The "BlueEnergyMonitor" program (BEM) provides an example of how to take monitoring of fuel/energy/water usage and building/appliance/systems performance and safety to the next technology level.

The major components are as follows:
- Development of advanced energy use monitoring, reporting and mapping systems - specific to client needs.
- “BlueEnergyMonitor” technology uses Internet data transfer instead of phone lines to allow monitoring performance and consumption data in real time at low cost.
- The data collected is processed, analysed and presented to energy suppliers and end-users in a format allowing them to determine energy usage opportunities and make decisions on energy efficiency measures.
- The fuel/energy/water consumption monitoring system is developed on a GIS platform with online service delivery to allow clients to implement a holistic and highly scalable approach to fuel/energy/water consumption and performance/safety/security monitoring.

"BlueEnergyMonitor" - from Watershed Technologies, Green Power Labs, Eria EcoSystems.

Real Time Fuel/Energy/Water Consumption & Performance Monitoring for Continuous Commissioning.

Hourly performance monitoring of fuel/resource consumption in real time over the Internet can provide a host of benefits to the consumer, improving the comfort/safety/security of buildings, reducing annual utility costs, and most important, conserving our environment.

Innovations are integrated that improve the physical monitoring process, and greatly enhance supplier/consumer useability, by insuring that equipment always performs in its new “As-First-Commissioned” condition.

Early monitoring technologies have focussed on telephone modems to transfer hourly data from data loggers; however this technology has been plagued with high maintenance issues, and delayed data recovery. Recent technology innovations now allow the Internet to transfer data, making it available to the consumer in real time, "as it happens". In addition, new statistical methods are incorporated to track and quickly identify performance issues, translate these into potential savings, and communicate to the end-user in real time to the desktop.

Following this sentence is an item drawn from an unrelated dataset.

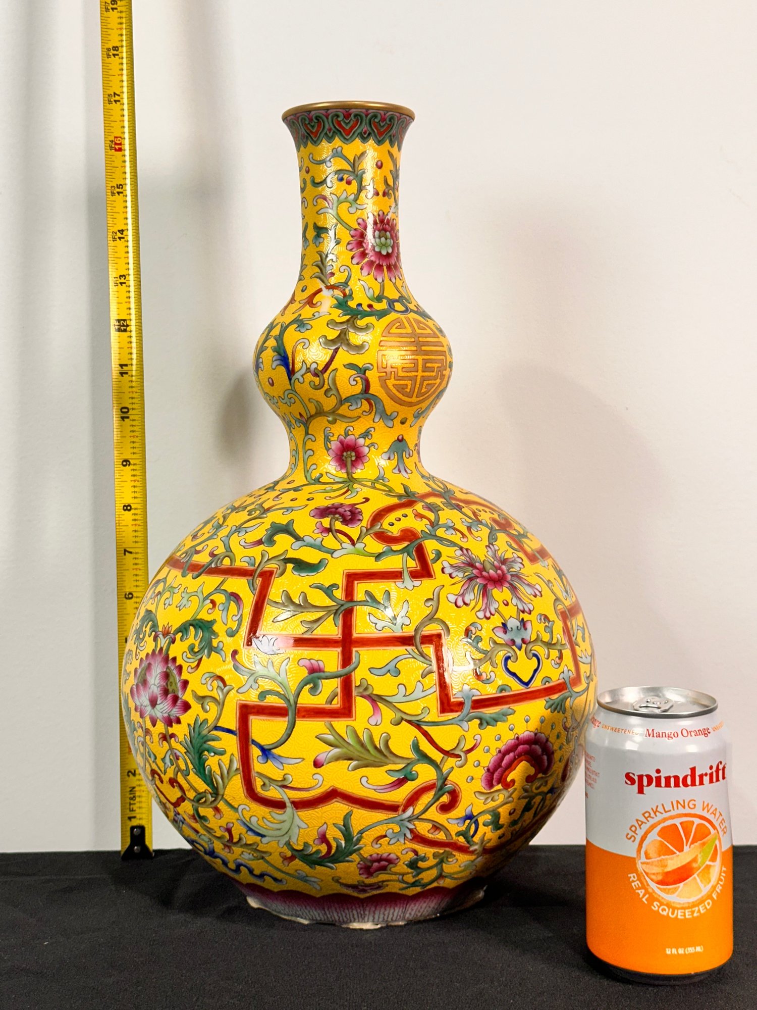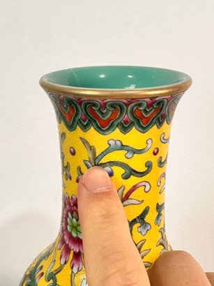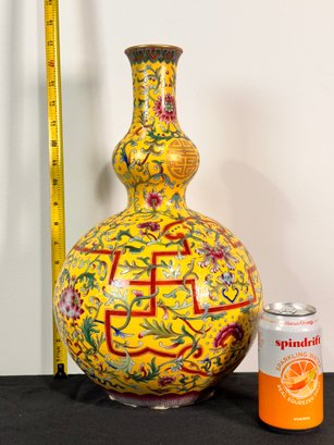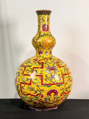 Chinese Qing Dynasty Style Yellow and Floral Vase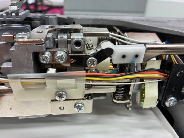新しい送りモジュールについていない糸切り機構を旧部品から取り外し、新しいユニットに取り付けます。

On the commercial side, the “BlueEnergyMonitor” technology enables the end-user to react quickly to problems and opportunities, before they get out of hand. In addition, it provides energy and service businesses with a new tool to safeguard their customers’ equipment/buildings/contents/business, as they can be provided with on-line access to customer performance information. For example by a constant regression function against weather, the system will provide fast identification of problems. If a sensor fails, or a damper sticks open causing high fuel/energy/water consumption, this can be identified immediately online. Emails, or online alerts are provided to a local service company, together with cost savings, and they can be on-site in a timely manner to insure safety and good performance. Without feedback, these problems can go undetected for months or even years.